Título: LIVRO MOSTRA EMPOBRECIMENTO DAS METRÓPOLES
Autor: Ênio Vieira
Fonte: O Globo, 31/08/2005, Economia, p. 27

Trabalho do Ipea revela como aumento de desemprego e falta de saneamento afetam grandes cidades do país

BRASÍLIA.O Brasil apresentou no últimos anos uma "metropolização da pobreza", com o agravamento do desemprego e da informalidade no mercado de trabalho, e a falta de serviços como saneamento em grandes cidades. Houve melhora em indicadores como mortalidade infantil e escolarização, mas o setor público perdeu a capacidade de investir numa rede de proteção e em melhorias na infra-estrutura, porque chegou ao limite de gasto e ampliação de receitas com impostos.

O retrato de um país com orçamento engessado e grandes cidades inchadas e empobrecidas foi traçado pelo Instituto de Pesquisa Econômica Aplicada (Ipea) e está no livro "Brasil, o estado de uma nação". São 369 páginas elaboradas por um grupo de 60 pesquisadores, cujo objetivo é auxiliar na formulação de políticas públicas.

- A proposta é publicar a cada ano um volume que analisa e interpreta o Brasil. Às vezes, é uma visão distinta e que entra em contradição com a do governo - afirmou o presidente do Ipea, Glauco Arbix.

O livro mostra que o número de pobres e indigentes no país caiu de 54,5 milhões em 1993 para 49 milhões em 2002, com um modesto crescimento da renda (11,6%) para quem ganhava até meio salário-mínimo. A redução da pobreza, porém, não se traduziu em mais mobilidade social, que se compara hoje à dos países europeus do início da década de 70 e à do Chile de 2000.

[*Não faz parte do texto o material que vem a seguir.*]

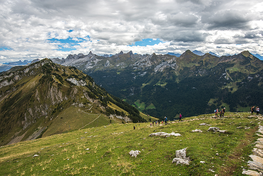 Leidžiuos, leidžiuos, apie 400m žemyn. Ir matau kalną, į kurį reiks užkopti - 380m aukštyn. Fronalpstock viršūnė ir mano ėjimo galas jau nebetoli.

O economista Hamilton Tolosa coordenou os trabalhos sobre exclusão social e avaliou que a pobreza se concentrou nas metrópoles - como Rio, São Paulo, Belo Horizonte e Salvador - fenômeno motivado pelo estrangulamento da oferta de saneamento básico, e da renda, conseqüência da explosão do desemprego e do pífio crescimento econômico.

- O Brasil chegou a ter políticas específicas para evitar o inchaço das regiões urbanas, mas hoje não tem mais. Infelizmente, aquelas políticas não produziram o efeito esperado. Todos os países passam por isso (agravamento dos problemas nas metrópoles). A questão do Brasil foi a velocidade em que isso ocorreu - explicou Tolosa.

O diagnóstico conclui ainda que o governo acabou com a inflação, mas isso não levou a absorção de jovens que chegam ao mercado de trabalho. Em 2005, o país atingiu o pico da população jovem entre 15 e 24 anos e deverá fazer mais uma reforma de Previdência para viabilizar as futuras aposentadorias.

O economista Fernando Rezende, da Fundação Getulio Vargas, que coordenou o texto sobre o nó fiscal, diz que o modelo atual de ajuste é insustentável diante da fragilidade das contas do governo, fruto da Constituição de 1998: de um lado, sobram transferências de recursos a estados e municípios; de outro, sobram obrigações, especialmente as sociais.

O livro aponta ainda dados que afetam o padrão de desigualdade do país mas estão aparentemente longe da economia. É o caso do acesso ao Judiciário: segundo o estudo, a Região Nordeste tem um processo por 138 habitantes. No Sudeste, a proporção é de um para cada 20 pessoas.